Yogyakarta, Gatra.com - Gubernur Daerah Istimewa Yogyakarta, Sri Sultan Hamengku Buwono X, resmi melarang kawasan Malioboro sebagai tempat penyampaian pendapat di muka umum.
Larangan ini tertuang dalam Peraturan Gubernur (Pergub) Daerah Istimewa Yogyakarta Nomor 1 Tahun 2021 Tentang Pengendalian Pelaksanaan Penyampaian Pendapat di Muka Umum Pada Ruang Terbuka yang diunggah pada 4 Januari 2021 di https://birohukum.jogjaprov.go.id/produk_hukum_preview.php?id=16034.
Di pasal 5, Gubernur DIY melarang penyampaian pendapat di muka publik di lima area, yaitu Istana Negara Gedung Agung, Keraton Yogyakarta, Keraton Kadipaten Pakualaman, Kotagede, dan kawasan Malioboro.
Pasal ini menyatakan penyampaian pendapat di muka umum diperkenankan pada radius 500 meter dari pagar atau titik terluar. Malioboro selama ini menjadi pusat ekonomi dan pariwisata DIY. Di kawasan ini juga terdapat kantor pusat pemerintahan Pemda DIY dan DPRD DIY.
"Bisa jadi keluarnya Pergub DIY 1 tahun 2021 tersebut imbas dari peristiwa ricuh pada aksi demo penolakan Undang-undang Omnibus Law Cipta Kerja, pada Kamis 8 Oktober 2020 lalu," kata Baharuddin Kamba, aktivis Jogja Corruption Watch (JCW), lewat pernyataan tertulis, Senin (11/1).
Menurutnya, Pergub DIY ini melanggar peraturan di atasnya soal penyampaian pendapat umum berupa unjuk rasa, seperti diatur Undang-undang Nomor 9 Tahun 1998. Pergub DIY juga dinilai tidak masuk hierarki perundang-undangan sehingga tidak boleh dijadikan acuan pemidananan oleh kepolisian di DIY.
"Ada kesan antikritik di dalam Pergub DIY ini.
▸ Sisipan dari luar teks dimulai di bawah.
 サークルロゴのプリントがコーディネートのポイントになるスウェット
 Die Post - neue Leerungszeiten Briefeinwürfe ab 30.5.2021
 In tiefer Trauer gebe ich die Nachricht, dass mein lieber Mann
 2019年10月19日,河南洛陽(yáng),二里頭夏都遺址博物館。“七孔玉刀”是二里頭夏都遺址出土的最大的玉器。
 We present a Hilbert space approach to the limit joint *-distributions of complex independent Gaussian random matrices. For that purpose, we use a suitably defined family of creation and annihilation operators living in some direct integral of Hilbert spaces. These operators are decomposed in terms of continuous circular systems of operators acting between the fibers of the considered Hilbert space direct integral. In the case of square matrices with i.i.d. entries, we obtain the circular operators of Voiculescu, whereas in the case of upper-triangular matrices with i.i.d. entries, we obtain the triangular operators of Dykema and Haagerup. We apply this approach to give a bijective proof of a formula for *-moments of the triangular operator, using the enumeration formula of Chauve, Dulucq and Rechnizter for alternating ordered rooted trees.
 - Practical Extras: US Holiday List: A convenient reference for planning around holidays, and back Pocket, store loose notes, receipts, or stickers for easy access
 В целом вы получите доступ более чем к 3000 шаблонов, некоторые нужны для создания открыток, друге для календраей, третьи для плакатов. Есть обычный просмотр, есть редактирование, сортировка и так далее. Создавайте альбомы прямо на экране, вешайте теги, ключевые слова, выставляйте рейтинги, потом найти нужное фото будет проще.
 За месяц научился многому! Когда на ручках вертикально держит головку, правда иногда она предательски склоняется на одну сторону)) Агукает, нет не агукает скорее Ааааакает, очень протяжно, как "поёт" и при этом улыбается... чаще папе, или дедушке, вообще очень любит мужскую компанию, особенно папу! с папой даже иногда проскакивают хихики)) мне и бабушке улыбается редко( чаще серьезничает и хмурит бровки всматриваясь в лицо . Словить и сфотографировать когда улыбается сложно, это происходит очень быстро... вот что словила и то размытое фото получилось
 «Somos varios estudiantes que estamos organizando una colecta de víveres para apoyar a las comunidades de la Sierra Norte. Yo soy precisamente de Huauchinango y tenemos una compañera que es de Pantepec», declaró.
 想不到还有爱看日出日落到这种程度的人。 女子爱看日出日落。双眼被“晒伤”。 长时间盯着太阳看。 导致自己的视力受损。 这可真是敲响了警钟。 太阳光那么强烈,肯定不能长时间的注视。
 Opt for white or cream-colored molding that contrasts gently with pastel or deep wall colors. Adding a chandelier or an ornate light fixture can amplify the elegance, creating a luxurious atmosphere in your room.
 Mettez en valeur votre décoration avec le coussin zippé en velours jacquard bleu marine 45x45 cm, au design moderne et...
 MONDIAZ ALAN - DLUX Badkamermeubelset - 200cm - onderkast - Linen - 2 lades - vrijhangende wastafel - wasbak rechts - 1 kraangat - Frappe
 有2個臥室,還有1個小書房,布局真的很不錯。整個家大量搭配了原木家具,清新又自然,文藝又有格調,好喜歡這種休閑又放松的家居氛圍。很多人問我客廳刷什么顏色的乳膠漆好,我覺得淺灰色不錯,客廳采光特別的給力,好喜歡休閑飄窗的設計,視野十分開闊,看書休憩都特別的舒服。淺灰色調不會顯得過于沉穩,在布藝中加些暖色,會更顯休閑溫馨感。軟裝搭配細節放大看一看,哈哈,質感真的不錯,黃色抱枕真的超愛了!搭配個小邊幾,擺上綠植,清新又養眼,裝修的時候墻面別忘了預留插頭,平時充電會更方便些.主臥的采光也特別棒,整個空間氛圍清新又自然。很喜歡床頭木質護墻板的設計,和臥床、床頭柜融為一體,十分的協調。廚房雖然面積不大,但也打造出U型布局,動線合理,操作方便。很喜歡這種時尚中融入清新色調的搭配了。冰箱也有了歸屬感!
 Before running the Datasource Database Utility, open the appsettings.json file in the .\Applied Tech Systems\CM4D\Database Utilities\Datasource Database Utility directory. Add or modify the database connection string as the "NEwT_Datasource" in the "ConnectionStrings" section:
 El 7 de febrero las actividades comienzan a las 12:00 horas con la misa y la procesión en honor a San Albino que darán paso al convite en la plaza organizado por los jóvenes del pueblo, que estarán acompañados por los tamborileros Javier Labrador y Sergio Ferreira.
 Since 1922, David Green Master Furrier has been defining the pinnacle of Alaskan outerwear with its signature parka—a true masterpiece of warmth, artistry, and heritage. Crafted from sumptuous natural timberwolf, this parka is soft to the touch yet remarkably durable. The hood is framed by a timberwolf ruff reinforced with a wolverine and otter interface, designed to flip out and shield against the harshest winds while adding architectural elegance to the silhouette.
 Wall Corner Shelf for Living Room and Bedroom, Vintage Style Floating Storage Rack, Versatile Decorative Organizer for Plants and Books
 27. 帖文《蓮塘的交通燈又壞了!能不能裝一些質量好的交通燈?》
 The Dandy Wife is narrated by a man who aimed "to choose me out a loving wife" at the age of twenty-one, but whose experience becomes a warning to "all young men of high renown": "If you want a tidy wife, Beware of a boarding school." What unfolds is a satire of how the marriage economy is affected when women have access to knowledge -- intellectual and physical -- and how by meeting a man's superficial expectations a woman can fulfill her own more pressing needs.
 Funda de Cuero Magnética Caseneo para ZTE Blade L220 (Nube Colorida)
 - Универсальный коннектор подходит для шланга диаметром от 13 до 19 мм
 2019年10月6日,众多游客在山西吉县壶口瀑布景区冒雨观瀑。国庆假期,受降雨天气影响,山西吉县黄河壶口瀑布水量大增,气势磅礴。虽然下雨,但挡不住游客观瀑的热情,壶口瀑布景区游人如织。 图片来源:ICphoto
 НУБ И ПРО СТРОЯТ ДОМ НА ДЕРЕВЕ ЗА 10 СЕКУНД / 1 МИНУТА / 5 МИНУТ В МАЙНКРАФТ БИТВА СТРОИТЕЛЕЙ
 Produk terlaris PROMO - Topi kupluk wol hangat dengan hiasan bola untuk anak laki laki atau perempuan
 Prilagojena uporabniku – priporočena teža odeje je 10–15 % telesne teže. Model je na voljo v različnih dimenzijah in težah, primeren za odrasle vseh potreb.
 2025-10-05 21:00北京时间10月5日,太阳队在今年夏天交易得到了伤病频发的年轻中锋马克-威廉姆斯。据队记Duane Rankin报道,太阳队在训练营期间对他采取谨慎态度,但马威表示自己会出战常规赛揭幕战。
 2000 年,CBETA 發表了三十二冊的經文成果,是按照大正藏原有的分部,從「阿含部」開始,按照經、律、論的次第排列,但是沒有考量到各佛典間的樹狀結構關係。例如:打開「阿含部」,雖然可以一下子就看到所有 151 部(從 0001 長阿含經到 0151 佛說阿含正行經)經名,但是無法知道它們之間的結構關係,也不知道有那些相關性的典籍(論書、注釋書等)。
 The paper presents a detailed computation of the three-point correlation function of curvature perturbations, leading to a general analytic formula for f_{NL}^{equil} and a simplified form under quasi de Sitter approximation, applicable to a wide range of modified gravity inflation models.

Padahal di Jalan Malioboro terdapat dua kantor publik sebagai tempat penyampaian aspirasi," ujarnya.
Kamba juga meminta jika memang dijadikan rujukan, penegakan Pergub DIY ini tidak boleh tebang pilih untuk warga yang menyampaikan aspirasi baik yang pro maupun yang kontra ke pemerintah pusat dan daerah. "Jika tebang pilih, tidak keliru apabila Pergub ini dapat dicabut," kata dia.
Adapun Wakil Ketua DPRD DIY Huda Tri Yudiana menilai tujuan Pergub DIY Nomor 1 Tahun 2021 adalah untuk pengendalian. "DIY dikenal sebagai kota pelajar, mahasiswa, yang sangat kental dengan aktivitas penyampaian pendapat umum atau demonstrasi," kata dia.
Huda memandang Pergub DIY itu sebagai salah satu antisipasi agar demonstrasi anarkis yang terjadi beberapa bulan lalu tidak terulang. Tempat-tempat larangan demo itu adalah area khusus dan cagar budaya.
"Malioboro juga pusat ekonomi dan wisata, jadi sangat wajar (Pergub) itu. Harapanya penyampaian pendapat umum dilakukan sesuai koridor agar tidak banyak merugikan pihak lain," ujarnya.
Saat dikonfirmasi, Sekda Pemda DIY Kadarmanta Baskara Aji belum merespons soal pro komtra Pergub DIY ini. "Baru rapat," kata Aji via pesan singkat, Senin pagi.